The Homebrew wrapper sets JAVA_HOME inside its own process, so a missing or wrong JAVA_HOME in your shell doesn’t break wheels. But if you’re calling java directly — or running a manual install — the CLI fails fast with a “Java 21 required” message when JAVA_HOME isn’t pointed at a JDK 21 install. On Apple Silicon macOS, Homebrew stages openjdk@21 at /opt/homebrew/Cellar/openjdk@21/<version>/libexec/openjdk.jdk/Contents/Home; export that path and re-run.

On macOS, Homebrew’s shim directory has to be on your PATH/opt/homebrew/bin on Apple Silicon, /usr/local/bin on Intel. Run brew --prefix to confirm, check your PATH, and add the shim directory if it’s missing. A fresh shell (exec $SHELL -l) often fixes this without any config change.

On Linux, the .deb/.rpm package installs /usr/bin/wheels, which should be on every user’s default PATH. If it isn’t, run dpkg -L wheels (Debian/Ubuntu) or rpm -ql wheels (Fedora/RHEL) to confirm the package landed and the binary is at the expected path. A reopened shell (exec $SHELL -l) clears any stale PATH cache from the previous session.

Conflict with a standalone LuCLI install sharing ~/.lucli/

Section titled “Conflict with a standalone LuCLI install sharing ~/.lucli/”

The wheels formula deliberately isolates runtime state under ~/.wheels/ (via LUCLI_HOME) so a standalone lucli install — which uses ~/.lucli/ — stays out of the way. If you previously had LuCLI installed directly and see odd module-resolution errors, check that the wrapper set LUCLI_HOME correctly (wheels system paths prints the resolved home directory and where it came from) and that ~/.wheels/modules/wheels/ contains a current Module.cfc and .module-version file.

Windows: there is no Resource provider available with the name [c]

Section titled “Windows: there is no Resource provider available with the name [c]”

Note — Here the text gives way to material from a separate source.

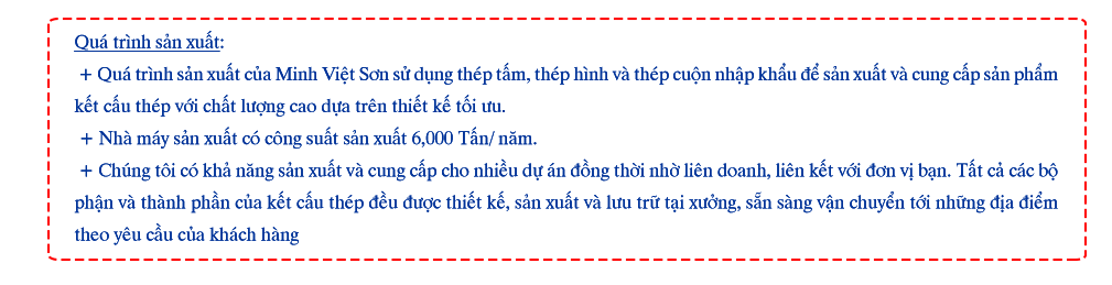 Với đội ngũ nhân lực gồm hơn 120 cán bộ công nhân viên được đào tạo chuyên nghiệp, hệ thống quản lý chất lượng .... cùng hệ thống nhà máy sản xuất có diện tích 8000 m2, 500 tấn kết cấu thép/tháng, chuyền sản xuất tự động công nghệ cao, Minh Việt Sơn tin tưởng sẽ cung cấp những giải pháp tối ưu, sản phẩm chất lượng cao và dịch vụ hoàn hảo nhất cho dự án của quý khách.

On Windows, wheels new, wheels start, and most other subcommands crashed before any work could happen with:

lucee.runtime.exp.NativeException: there is no Resource provider available
with the name [c], available resource providers are [ftp, zip, tar, tgz,
http, https, ram, s3]

The cause was mixed-slash paths: java.io.File.getCanonicalPath() on Windows returns backslash form (C:\Users\tim\Projects), which — when concatenated with a forward-slash suffix — produced a string like C:\Users\tim\Projects/vendor/wheels. Lucee’s Resource API parsed c: as a URI scheme and bailed because no c provider is registered. This is fixed in the release that includes #2841. Update to the latest version and the error will not recur — scoop update wheels for Scoop installs, or re-fetch the latest Wheels Module (see Manual JAR install above) if you wired it up by hand. wheels --version was unaffected because LuCLI handles that flag before dispatching to the module.